Wednesday, September 19, 2012

It's Not Time to Write that. Yet.

I've seen many experienced authors give a simple bit of advice: write down everything.  They offer different reasons for this, but they all amount to the same thing.  If you don't write something down, you might forget it.

There's a long file on my computer, called "untitled world notes", because I have no idea what else to call it.  The notes themselves started as just a few pages of ideas about a world with a magic system I've never before.  Yes, some people say every idea has been done, and the only difference is in execution.  (Some won't even concede that last point.)  I loved the world and magic I'd come up with, but there was a serious problem: I had no real story.  Not yet.

That changed a little while back.

Inspiration strikes in the oddest places.  I was at Dragon*Con with friends, at the Tolkien-themed event called "An Evening at Bree".  My mind started wandering, and as I was already surrounded by elves, I started thinking of how to do elves differently.  What I came up with fit perfectly into the world I'd created several years ago.

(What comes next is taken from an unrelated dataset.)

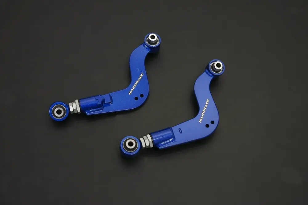 Hardrace camber kits reduce tire wear and Increase handling performance. Our camber kits are made with high quality carbon steel and are acompained with our long life, high performance hardened rubber Bushing which provide advanced stability and accurate steering response, especially during high speed driving and cornering.

All of a sudden, boom, I had something greater - I had the start of a story.  No, I had the start of dozens of stories.  An epic series in this world started taking shape in my head. When I got back home, I sat down with the old notes file and started taking new notes.  I fleshed out as much as I could of the elves, worked out their relations with the humans and some of their history, figured out how they deal with this world's magic.  And somewhere in there, I realized something else:

Writing in this world, doing these stories justice and putting together the dozens of elements I want to incorporate, will take a long, long time.  There's political and social manipulation going on that will take several books to play out.  There are so many things to determine before I even know where to start.  To put it simply, not only am I not ready to write this, I'm not yet good enough to write this.

It's a weird thing to realize my limitations like that.  My confidence in my writing waxes and wanes, but this is the first time I've ever come up with something and had to admit I'm just not capable of doing this the way I want to.  Yet.  I have the seeds of the first few stories, I have an idea of where things will go, I have a few characters slowly forming themselves in my head.  And I'm writing all of it down.

I don't want to risk losing any of this.  The day will come when I'm able to put this whole puzzle together, when I can plan a dozen books in advance and let things play out as they should.  When that time comes, I'll still have all the notes I've ever written for this story.

Lots of things will change by then, I'm sure.  But I'm also pretty sure it will start with a morbid revelation followed by something blowing up.  Seems like a good way to get things going.